Instructions to follow: In your reply, write out each entry exactly as given.

Recorded information:

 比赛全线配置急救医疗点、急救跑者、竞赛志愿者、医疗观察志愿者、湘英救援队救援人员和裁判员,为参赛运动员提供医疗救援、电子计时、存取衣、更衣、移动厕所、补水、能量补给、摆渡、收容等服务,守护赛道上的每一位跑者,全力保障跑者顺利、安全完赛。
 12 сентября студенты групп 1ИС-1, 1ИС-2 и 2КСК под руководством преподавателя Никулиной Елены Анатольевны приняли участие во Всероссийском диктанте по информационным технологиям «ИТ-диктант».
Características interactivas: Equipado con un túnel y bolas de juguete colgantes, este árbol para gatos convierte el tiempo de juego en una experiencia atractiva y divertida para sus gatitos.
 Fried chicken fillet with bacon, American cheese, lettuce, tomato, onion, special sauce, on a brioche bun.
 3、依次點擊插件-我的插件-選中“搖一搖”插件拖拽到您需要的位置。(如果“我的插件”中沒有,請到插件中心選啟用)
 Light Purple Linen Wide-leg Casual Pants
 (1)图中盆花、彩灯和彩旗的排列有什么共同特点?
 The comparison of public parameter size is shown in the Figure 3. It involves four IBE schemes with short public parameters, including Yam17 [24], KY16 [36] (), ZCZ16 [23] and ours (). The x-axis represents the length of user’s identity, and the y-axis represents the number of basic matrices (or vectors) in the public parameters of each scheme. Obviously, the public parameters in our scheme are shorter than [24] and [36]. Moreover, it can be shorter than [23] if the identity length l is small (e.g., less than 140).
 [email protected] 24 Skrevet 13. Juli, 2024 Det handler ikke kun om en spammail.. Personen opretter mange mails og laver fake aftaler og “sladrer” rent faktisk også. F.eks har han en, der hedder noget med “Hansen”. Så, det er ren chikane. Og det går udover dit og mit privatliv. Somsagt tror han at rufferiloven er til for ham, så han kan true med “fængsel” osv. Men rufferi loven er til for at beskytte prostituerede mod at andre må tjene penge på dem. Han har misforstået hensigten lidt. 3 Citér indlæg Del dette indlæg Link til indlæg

Solution for this task:
 比赛全线配置急救医疗点、急救跑者、竞赛志愿者、医疗观察志愿者、湘英救援队救援人员和裁判员,为参赛运动员提供医疗救援、电子计时、存取衣、更衣、移动厕所、补水、能量补给、摆渡、收容等服务,守护赛道上的每一位跑者,全力保障跑者顺利、安全完赛。
 12 сентября студенты групп 1ИС-1, 1ИС-2 и 2КСК под руководством преподавателя Никулиной Елены Анатольевны приняли участие во Всероссийском диктанте по информационным технологиям «ИТ-диктант».
Características interactivas: Equipado con un túnel y bolas de juguete colgantes, este árbol para gatos convierte el tiempo de juego en una experiencia atractiva y divertida para sus gatitos.
 Fried chicken fillet with bacon, American cheese, lettuce, tomato, onion, special sauce, on a brioche bun.
 3、依次點擊插件-我的插件-選中“搖一搖”插件拖拽到您需要的位置。(如果“我的插件”中沒有,請到插件中心選啟用)
 Light Purple Linen Wide-leg Casual Pants
 (1)图中盆花、彩灯和彩旗的排列有什么共同特点?
 The comparison of public parameter size is shown in the Figure 3. It involves four IBE schemes with short public parameters, including Yam17 [24], KY16 [36] (), ZCZ16 [23] and ours (). The x-axis represents the length of user’s identity, and the y-axis represents the number of basic matrices (or vectors) in the public parameters of each scheme. Obviously, the public parameters in our scheme are shorter than [24] and [36]. Moreover, it can be shorter than [23] if the identity length l is small (e.g., less than 140).
 [email protected] 24 Skrevet 13. Juli, 2024 Det handler ikke kun om en spammail.. Personen opretter mange mails og laver fake aftaler og “sladrer” rent faktisk også. F.eks har han en, der hedder noget med “Hansen”. Så, det er ren chikane. Og det går udover dit og mit privatliv. Somsagt tror han at rufferiloven er til for ham, så han kan true med “fængsel” osv. Men rufferi loven er til for at beskytte prostituerede mod at andre må tjene penge på dem. Han har misforstået hensigten lidt. 3 Citér indlæg Del dette indlæg Link til indlæg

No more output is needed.